--- START ---
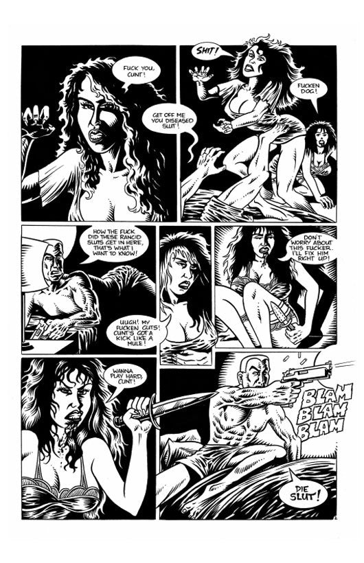 Spore Whores is set in an apocalyptic future where a devastating and insidious reproductive virus infects humanity. No one knows its origin, nor is there a cure. But its effects are obvious: infected women become riddled with the virus and are driven by a feverish rage to pass its malignant spores onto men through intense sexual activity. Meanwhile men infected by the spores turn into mutated monsters, carriers of the spores, looking for female victims to pass the spores to. And so the cycle continues…
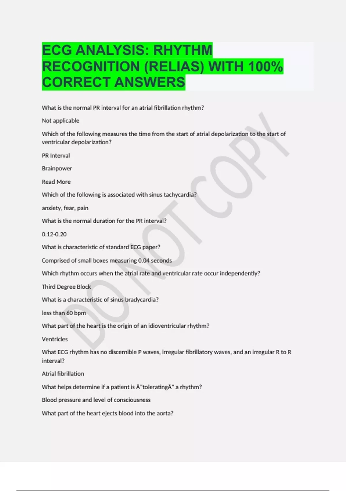 ECG ANALYSIS RHYTHM RECOGNITION (RELIAS) WITH 100% CORRECT ANSWERS
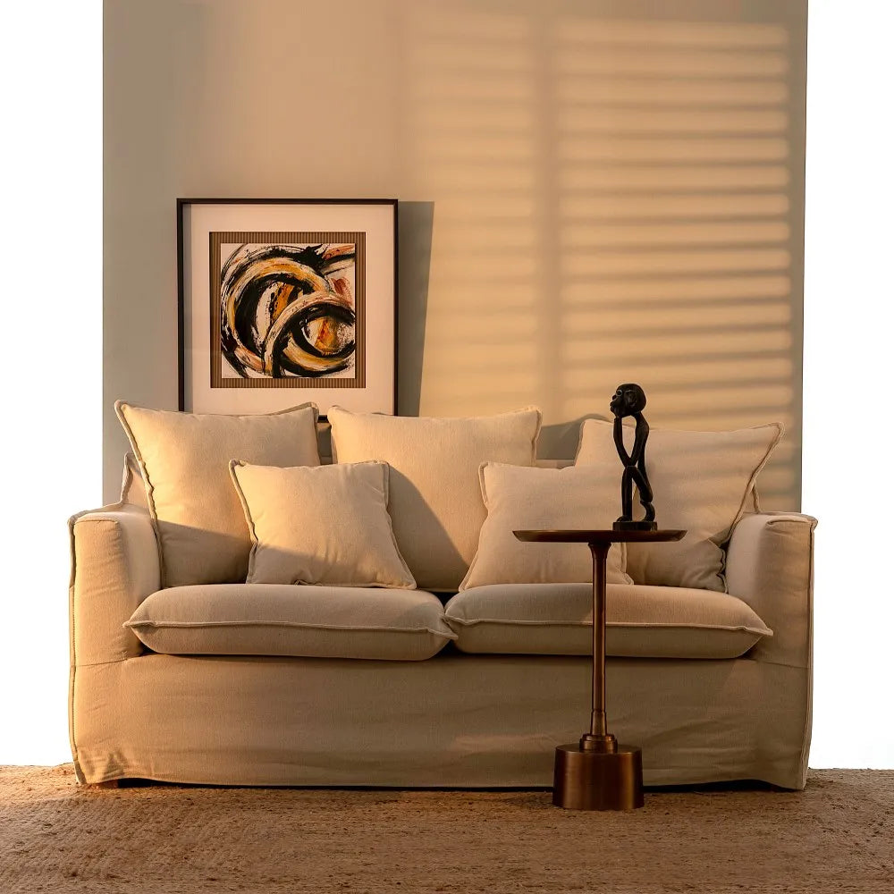 REMOVABLE CUSHION COVER. FABRIC: 60% COTTON, 40% LINEN. STRUCTURE: PINE WOOD AND CHIPBOARD. SEAT HEIGHT: 47CM. ARMREST HEIGHT : 13C M. SEAT CUSHION FILLING: FOAM, DENSITY 28kg/m3. BACKREST CUSHION FILLING: 100% FIBER. 2 CUSHIONS INCLUDED LEG HEIGHT: 11CM SEAT DEPTH: 62CM SEAT WIDTH: 145CM
--- END ---
** Requirement **
Strip the images and return the remaining data exactly.

** Answer to this exercise **
 Spore Whores is set in an apocalyptic future where a devastating and insidious reproductive virus infects humanity. No one knows its origin, nor is there a cure. But its effects are obvious: infected women become riddled with the virus and are driven by a feverish rage to pass its malignant spores onto men through intense sexual activity. Meanwhile men infected by the spores turn into mutated monsters, carriers of the spores, looking for female victims to pass the spores to. And so the cycle continues…
 ECG ANALYSIS RHYTHM RECOGNITION (RELIAS) WITH 100% CORRECT ANSWERS
 REMOVABLE CUSHION COVER. FABRIC: 60% COTTON, 40% LINEN. STRUCTURE: PINE WOOD AND CHIPBOARD. SEAT HEIGHT: 47CM. ARMREST HEIGHT : 13C M. SEAT CUSHION FILLING: FOAM, DENSITY 28kg/m3. BACKREST CUSHION FILLING: 100% FIBER. 2 CUSHIONS INCLUDED LEG HEIGHT: 11CM SEAT DEPTH: 62CM SEAT WIDTH: 145CM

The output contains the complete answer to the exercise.